レッドブル・ホンダRB16をRB16Bに進化させるにあたり、レッドブルは規約の制約を受けながらも大きな変化を遂げた。小型化、高出力化、冷却性能の向上を実現したホンダの新型パワーユニットを搭載しただけでなく、リアサスペンションも根本的に見直した。

リアウィッシュボーンの下側を後方に寄せることで、ディフューザー周囲の敏感な部分に、気流のための容積が大きくなった。これは、既存のシャシー取り付け位置の再利用と、内側後ろ向き連結を取りつけるためのギアボックスケーシングを延長することで達成された。トークンは、新しいギアボックスに使用された。

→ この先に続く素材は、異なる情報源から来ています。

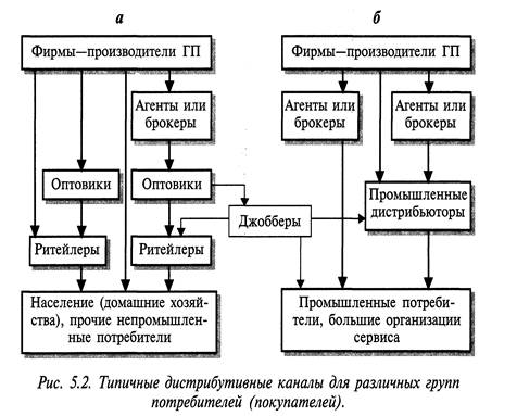 Структура дистрибутивной сети и схемы возможных товаропроводящих цепей зависят от вида производимой готовой продукции и, соответственно, групп потребителей. На рис. 5.2а показаны возможные схемы построения дистрибутивных каналов для предметов потребления, а на рис. 5.26 — для средств производства в соответствии с классификацией продукции.

フェラーリも、パワーユニットの燃焼室を大幅にアップグレードし、リアサスペンションを大きく後退させるなど、驚くほど似たようなことをした。しかし、フェラーリはさらに、ギアボックスのケーシングを変更したのを機に、デフをシャシーのやや高い位置に移し、重心の高さが上がるのを犠牲にして気流容積を増加させた。

メルセデスに対するレッドブルの平均予選タイム差は、2020年の0.7%から0.1%未満となり、フェラーリは1.4%から0.7%となった。

左上円内が2020年仕様のレッドブル・ホンダRB16、右上が2021年仕様のRB16Bのリアサスペンションのアプローチの違い。下図は取り付け位置の変更点
左上円内が2020年仕様のレッドブル・ホンダRB16、右上が2021年仕様のRB16Bのリアサスペンションのアプローチの違い。下図は取り付け位置の変更点。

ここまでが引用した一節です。